With those caveats, four patterns are clear:

  1. Fire risk to generation is concentrated in hydro. At 10+ GW, hydro is California's largest source of dispatchable clean energy and its most fire-exposed generation type. The risk is operational—access, grid connection, watershed health—rather than structural. But it's real: the Creek Fire put 90% of the Big Creek system inside a fire perimeter in a single event.

  2. The clean energy buildout is mostly happening in fire-safe locations. Solar, batteries, and most of the interconnection queue are in the Central Valley and desert—low fire risk. Wind is the partial exception, with mountain-pass siting that overlaps with fire terrain.

  3. HFTD is informative but incomplete for generation. It reliably identifies fire-exposed hydro plants (zero false negatives for hydro) but over-designates other technologies and doesn't capture fire weather variation, asset hardness, or grid-connection exposure.

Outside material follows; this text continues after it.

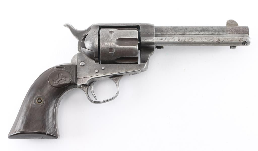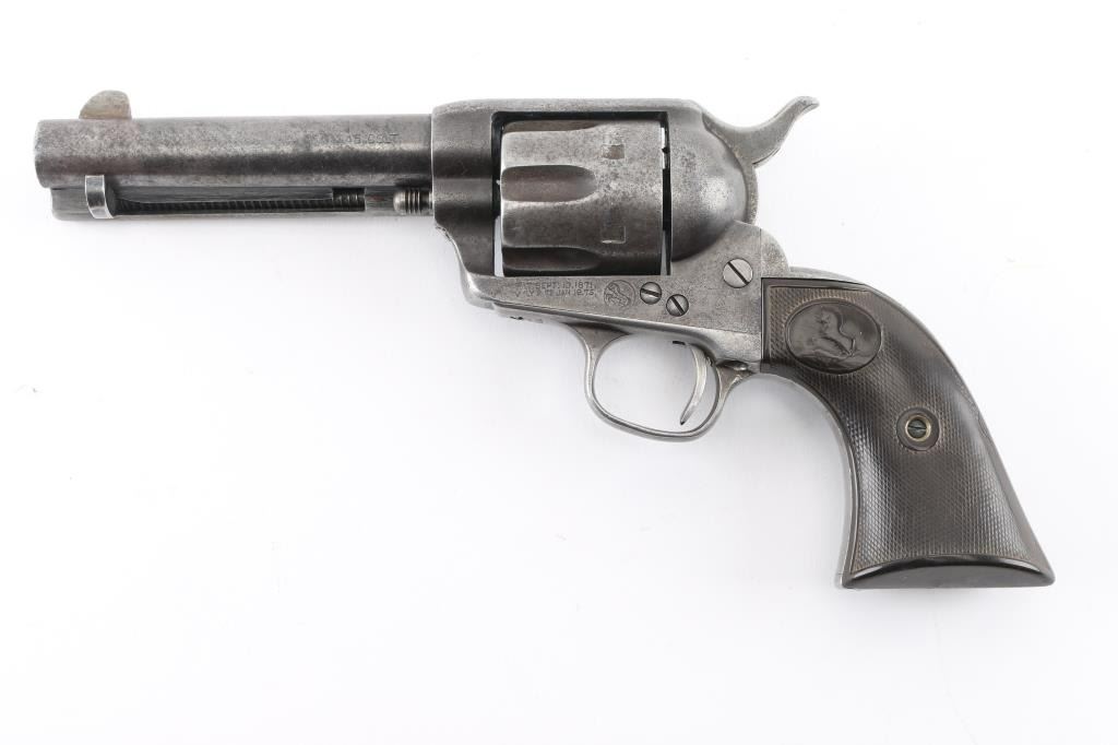 Revolver. Single-Action. 6-rd capacity. 1st Generation manufactured 1892. 4 3/4" barrel with front blade and v-notch rear sights. Top of barrel stamped "COLT'S PT.F.A.MFG. CO HARTFORD CT. U.S.A." Patent dates are visible on the left frame, along with the 'Rampant Colt'. "45 Colt" stamped on left barrel. The serial number matches on the frame, triggerguard, and backstrap, assembly number '571' on the loading gate, all marking are clear. There is no finish left, and the revolver has turned a gray patina, with light scattered pin-prick pitting The cylinder pin screw may be a later replacement. Bore is good with strong rifling, but small traces of pitting are present. Cylinders appears good. Action is crisp, and hammer locks up tight. The grips are good with handling wear to the Rampant Colt, and checkering. The right grip panel has a crack at the bottom. A early, well used, but not abused SAA. NRA condition Very Good Antique Firearm
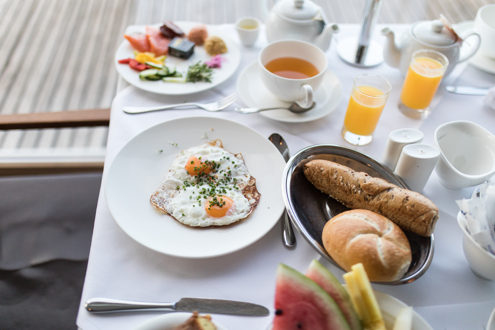 Am Morgen wurden wir mit einem riesengroßen Frühstücksbuffet auf den Spa- Tag vorbereitet. Auch hier gab es wirklich alles was das Herz begehrt Frischen Kuchen, Obst, Omlettes, frisch gepressten Orangensaft, Lachs, Wurst, Käse und Müsli – es hat uns an nichts gefehlt.

  4. The grid behind the generators is more exposed than the generators themselves. 23% of California's transmission network runs through HFTD zones, and nearly one in five generators outside HFTD connects to the grid through a fire-prone corridor. Fire risk to generation is not just about where the plant sits—it's about the system the plant depends on.

Next in this series: Part 2 examines transmission lines, where fire risk becomes a problem of linear exposure across hundreds of miles of corridor.


Data sources: EIA-860 (2024), CPUC HFTD Tier 2/3 Map, CAL FIRE FRAP Fire Perimeters (2000-2024), LBNL Interconnection Queue, HIFLD Electric Power Transmission Lines, NWS Red Flag Warning archive (2013-2024, via Iowa Environmental Mesonet), CPUC PSPS event data (2019-2024). Analysis code available in this repository.

Methodological note: Generation assets are represented as points (EIA-860 lat/lon). Fire exposure is determined by point-in-polygon overlay against CAL FIRE perimeters ≥100 acres (2000-2024). This approach undercounts exposure for spatially extended facilities and misses near-miss events. HFTD overlay uses the CPUC Fire Threat Map Tiers 2 & 3, layer named V4__2022_04_01 inside geodatabase file CPUC_FireThreatMapTiers2_3_v3r_08_19_2021.gdb. Pipeline analysis uses county-level resolution due to the absence of precise coordinates in LBNL queue data; "fire-prone county" is defined as one where ≥25% of existing operable generators fall in HFTD zones (25 of 55 counties with generation). Transmission HFTD exposure is computed by line-polygon intersection in EPSG:3310 (California Albers) for accurate length calculations; 2,132 CA transmission lines from HIFLD (queried via spatial bounding box, not state field). Generator grid-connection vulnerability uses a nearest-line proxy: each generator is assigned its geographically nearest transmission line and inherits that line's HFTD exposure percentage. This is an approximation—generators may not connect to the nearest high-voltage line. The 25% HFTD threshold for "corridor exposure" matches the county-level threshold used elsewhere. Fire weather analysis maps generators to NWS fire weather zones via point-in-polygon join, then counts Red Flag Warning events (phenomena == 'FW') per zone across 12 years (2013-2024). PSPS statistics are aggregate summaries from a separate analysis of CPUC shutoff data; circuit-level geographic mapping to generators was not performed. Plant-level aggregation yields 1,790 plants with an 18.0% HFTD rate (323 plants), close to the generator-level 18.2%. The plant-level fire-perimeter overlap rate is lower (4.0% vs 5.1%) because multi-generator hydro complexes—where fire exposure is concentrated—count as one plant.